The fastest class of PSI protocols builds on oblivious transfers (OTs). Early OT-based protocols can compute the intersection of million-item sets in a few seconds (Pinkas et al., 2014). Later protocols use hashing to map the sets to small buckets and then apply efficient oblivious PRFs based on OTs to the items in these buckets to enable plaintext comparisons (Pinkas et al., 2015, 2018b; Kolesnikov et al., 2016; Pinkas et al., 2019a). Typical OT-based approaches reveal these comparison results (and thus intersections or cardinalities), to the client; therefore, they do not satisfy our single-set privacy requirement (RQ.1) nor do they allow aggregation (RQ.2). The communication cost is linear in the size of the client and server set, so OT approaches do not satisfy our requirement for client efficiency (RQ.3). We discuss OT-based approaches that support SMC extensions in Section 2.3.2.
Circuit-based PSI protocols use secure two-party computation, e.g., Yao’s garbled circuits (Yao, 1986), to compute set intersections. A first class constructs a full circuit to evaluate the set intersection (Huang et al., 2012; Kales et al., 2019; Pinkas et al., 2018a, 2009; Kiss et al., 2017). Circuit-based approaches can be extended to support flexible set matching or many-set aggregation straightforwardly. However, circuits are at least linear in the size of the server input. This limit is fundamental and circuits cannot satisfy our client efficiency requirement.
There are protocols that use circuits as a building block in larger protocols (Kales et al., 2019; Kiss et al., 2017). For example, obliviously evaluating a PRF such as AES or LowMC (Albrecht et al., 2015). These approaches do not support extending the circuit to do post-processing, so we do not categorize them as part of circuit-based protocols.
OPRFs using asymmetric cryptography
Some protocols construct Oblivious Pseudo-random Functions (OPRFs) from asymmetric primitives such as Diffie-Hellman (Rosulek and Trieu, 2021; Kiss et al., 2017), RSA (Cristofaro and Tsudik, 2009; Cristofaro et al., 2010; Kiss et al., 2017) or discrete logarithms (Cristofaro et al., 2012). The client obliviously evaluates the PRF on its elements with the server, and the server sends the PRF evaluation of its elements to the client. The client then locally compares.
OPRF-based approaches focus on comparison, similar to OT, and cannot compute flexible set matches without leaking intermediate information about sets. The communication cost is linear in the size of client and server sets. But preprocessing can make the online transfer cost independent of the server size.
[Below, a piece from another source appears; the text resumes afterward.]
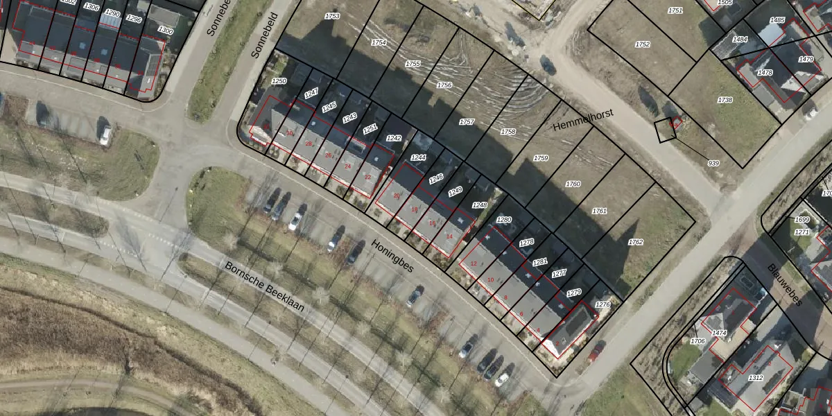 Honingbes 18 is gelegen op kadastraal perceel BNE00C1246. Deze kadastrale aanduiding is uniek en wordt gebruikt door het Kadaster om eigendomsrechten en andere zakelijke rechten vast te leggen. Het perceel maakt onderdeel uit van de kadastrale gemeente Borne.

Oblivious Polynomial Evaluation
Another approach is to use (partial) homomorphic encryption (Rivest et al., 1978) to determine set intersection using oblivious polynomial evaluation (OPE) (Freedman et al., 2004; Hazay, 2015; Dachman-Soled et al., 2009; Chen et al., 2017). The client encrypts their elements and sends them to the server. The server constructs a polynomial with its set elements as roots, evaluates the polynomial on encrypted client elements, randomizes the result, and sends them back to the client. The client decrypts the results, a 0 indicates a matching element. We use a similar approach in our HE schemes. Existing OPE-based approaches do not support flexible set matching or aggregation, but achieve computation and communication costs independent of the server set size on the client.
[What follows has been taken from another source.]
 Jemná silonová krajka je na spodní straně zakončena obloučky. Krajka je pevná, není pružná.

2.3.2. Custom PSI protocols
Several custom solutions provide more complex privacy-preserving functionalities than intersection or cardinality. These include computing the sum of associated data (Ion et al., 2017), evaluating a threshold on intersection size (Zhao and Chow, 2018; Ghosh and Simkin, 2019; Zhao and Chow, 2017), or computing Tversky similarity (Shimizu et al., 2015). These approaches improve privacy by supporting flexible set matching but they were not designed with a many-sets scenario and privacy-preserving aggregation in mind. These schemes are optimized for a specific setting, and adapting them requires rethinking their design. None of these approaches achieve cost independent of the server input size.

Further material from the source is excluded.